2015 HUAS Summer Trainning #6~F

Sometimes some mathematical results are hard to believe. One of the common problems is the birthday paradox. Suppose you are in a party where there are 23 people including you. What is the probability that at least two people in the party have same birthday? Surprisingly the result is more than 0.5. Now here you have to do the opposite. You have given the number of days in a year. Remember that you can be in a different planet, for example, in Mars, a year is 669 days long. You have to find the minimum number of people you have to invite in a party such that the probability of at least two people in the party have same birthday is at least 0.5.

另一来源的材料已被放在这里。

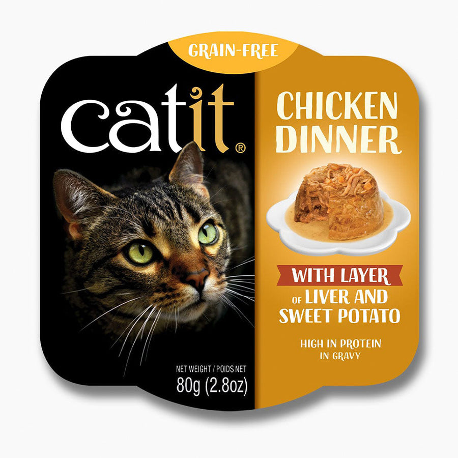 Catit Chicken Dinner Liver Sweet Potato 2.8 OZ – the ultimate delight for your feline friend's taste buds! Crafted with care, this dual-layered wet food is a premium-quality blend of fresh ingredients swimming in luscious gravy. Packed with high protein and grain-free goodness, it ensures precisely balanced nutrition for your beloved cat. Unlike other options, Catit Chicken Dinner is as natural as home-cooked meals, with added vitamins and minerals to keep your cat happy and healthy.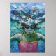 Sous Water Art imprimés, accessoires et cadeaux présentent notre peinture originale de Traci Van Wagoner d'une fille portant un maillot de bain rose et des lunettes, nageant sous l'eau et soufflant des bulles. Faites un plongeon aujourd'hui et profitez de l'été avec notre art amusant d'un nageur sous-marin. Que l'été commence !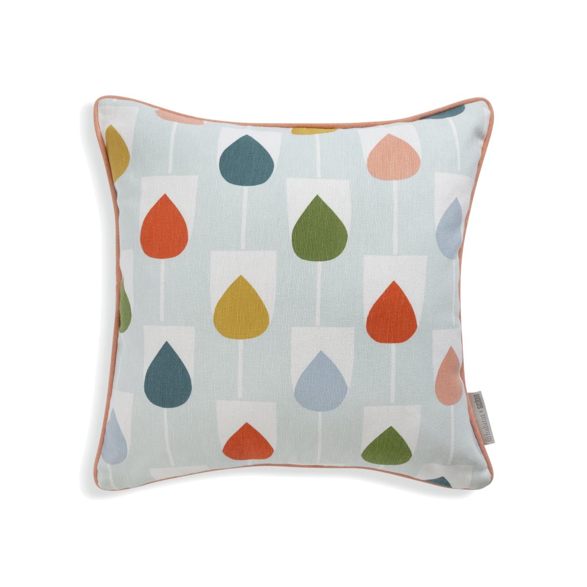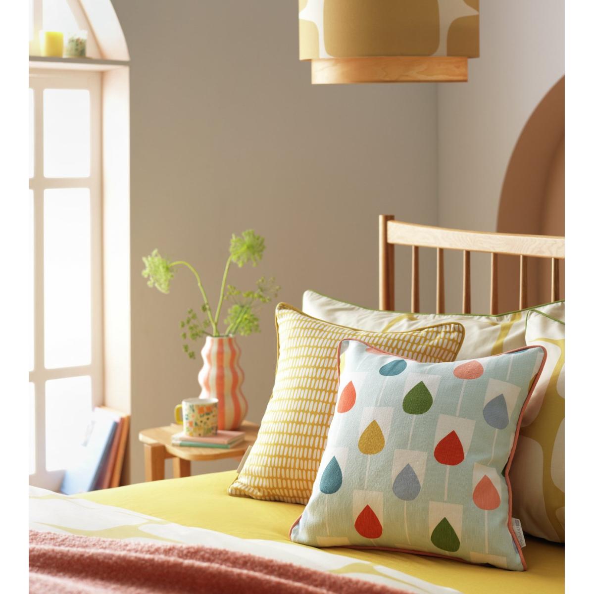 Settle down into this cosy cushion featuring graphic tulip icons in a retro colour palette. Experience the soft side of this strong design. Made from pure cotton, the ribbed and piped cushion is waiting to add a pop of prime personality to a sofa or chair. Zip fastening. Cover 100% Cotton. Filling 100% Recycled Polyester. Size L43, W43cm. This cover is machine washable. Part of the Scion collection.

Input starts with an integer T (≤ 20000), denoting the number of test cases.

Each case contains an integer n (1 ≤ n ≤ 10⁵) in a single line, denoting the number of days in a year in the planet.

For each case, print the case number and the desired result.

2

365

669

Case 1: 22

Case 2: 30

解题思路：这个题目的数学思想比较多，只要将求概率的公式求出来然后算法注意点差不多就没有问题。值得注意的一点是求出的结果要减去1，因为题目中给出的案例已经说明不包括作者本人，在第一组案例中按照公式求出的答案本来应该是23，但是输出的却是22，所以答案应该注意要减去1；还有一点需要注意的是题目中说的是至少有两人在同一天生日的概率要超过0.5，所以当概率等于0.5时还不能停下来，要继续下一组，我刚开始做的时候没有注意到这个问题所以错了一次，在while中的条件应为>0.5,而不是》=0.5.

程序代码：

#include<stdio.h>
int main()
{
	int t,i,f=0;
	double n,v,s;
	scanf("%d",&t);
	while(t--)
	{
		f++;
		v=1;
		scanf("%lf",&n);
		s=n;
		i=0;
		while(v>0.5)
		{
			v=v*(s/n);
			s--;
			i++;
		}
		printf("Case %d: %d
",f,i-1);
	}
	return 0;
}